DSpace is one of the first open source repository systems to successfully combat the problems that lie in different requirements for submission of different types of information to different collections [18]. The DSpace submission workflow system is a critical part of the DSpace architecture that allows for the submission, processing, and final addition of content to the live repository. DSpace's underlying model includes EPeople, users who have registered with the system and have certain authorizations, roles, rights, and privileges that translate to abilities to complete certain tasks within the DSpace system. A typical submission begins with the system asking the user a couple of questions about the publication history of the item and the number of files involved in the submission. Then the system guides the user through the different steps of the process, which are outlined in Table 3.

Manakin for DSpace

DSpace is a very mature project. Since its inception in 2000 there have been many developments and iterations which have strengthened the overall feature set, interaction, and configurability of the software. Although relating to the separation from the JSP / Servlet differentiation of presentation vs. business logic layers, one of the greatest issues users of the software experience is a difficulty in branding, or creating a customized look and feel, in DSpace's web-based interface.

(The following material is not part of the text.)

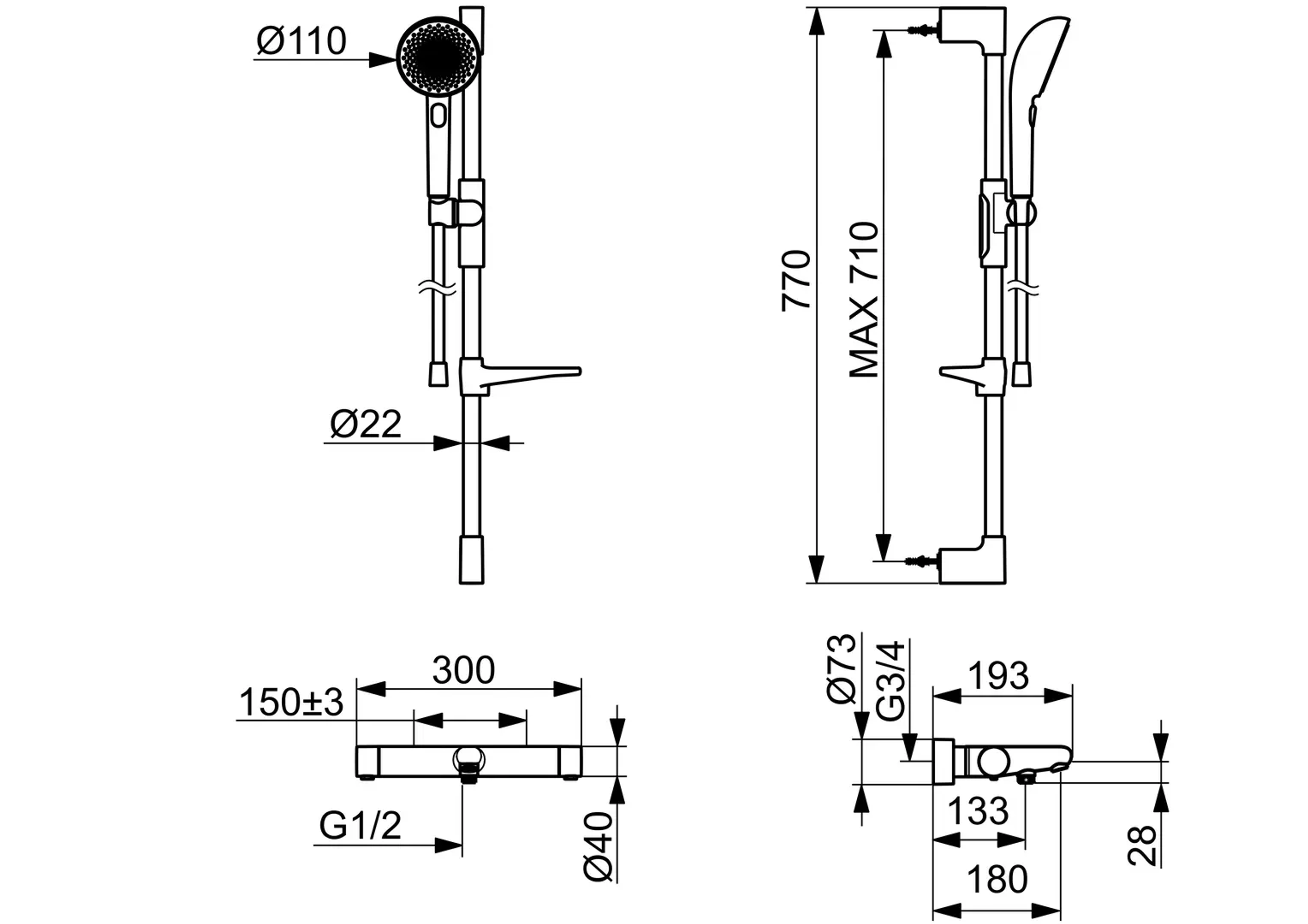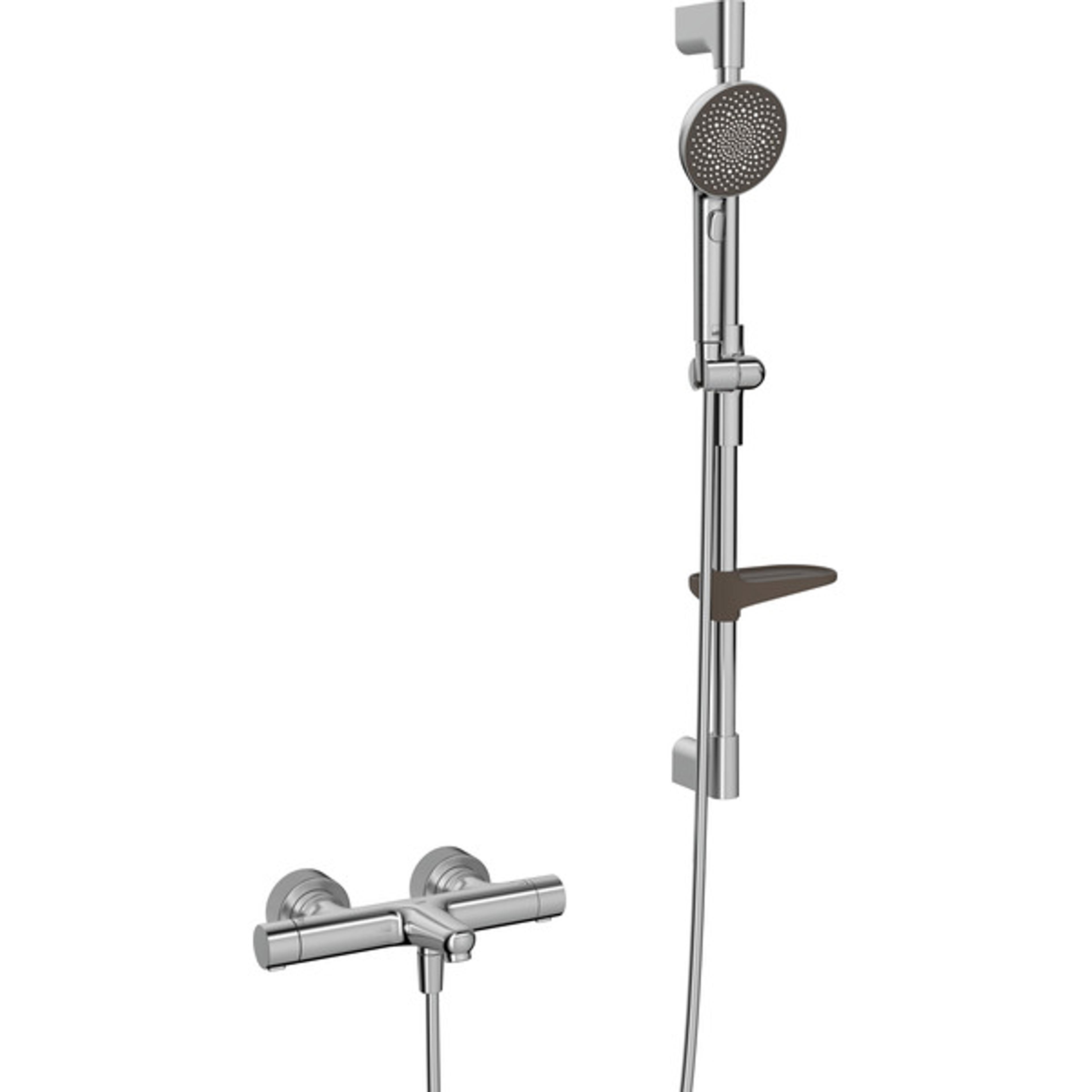 Oras Aurelia. Enkelhet og eleganse i harmoni. En elegant sylindrisk termostat med badekartut. Aurelia henter designinspirasjon fra elementer i naturen. Badekar- og dusjkran med dusjsett i børstet stål 110mm - tre stråletyper hånddusj trykknapp for enkelt valg av stråletype dusjholder som er lett å justere

One project to combat this problem is what Texas A&M refers to as their DSpace XML UI project, the current second iteration of which is called Manakin [22]. Manakin acts as a layer above the traditional JSP presentation layer of DSpace and allows for each community or collection within the repository to have its own look and feel. The software splits up its realization into Aspects and Themes [22]. Aspects are different parts of a DSpace website that can be customized or toggled on and off in a DL instance, such as the login mechanism. Themes are the visual character of these different Aspects that make up DSpace websites. When combined, these two logical parts of Manakin work together to provide a more customizable and attractive web-based interface for DSpace. Manakin is an "add on" of sorts to DSpace, so before it can be used a working copy of DSpace must be installed and configured.

DSpace Future Roadmap

Many drawbacks of DSpace that have been identified by the user community in the past are things that are included to be addressed in the published roadmap for DSpace 2.0, which is beginning to be formulated and will likely have initial versions released in 1½ to 2 years [3]. The new design will have particular focus on making the system more scalable by addressing issues to allow greater capacity of items, improving the ingestion rate of objects in bulk add situations, and making the system's processing more concurrent. While some of the largest known DSpace repositories contain hundreds of thousands of digital objects, the goal of the new system is that the architecture should be able to store and support up to 10 million items [3]. There is desire to make the system more interoperable, and work in this area will include a much more concrete and descriptive object model and core interface, both of which would be clearly published in order to better facilitate interoperation for administrators and third parties. The item model will be revised to include versioning of items plus other changes. To make the nature of the software more plug and play oriented, an extension model is being investigated that would greatly ease the difficulty in creating and using components that can easily snap into a DSpace instance [3].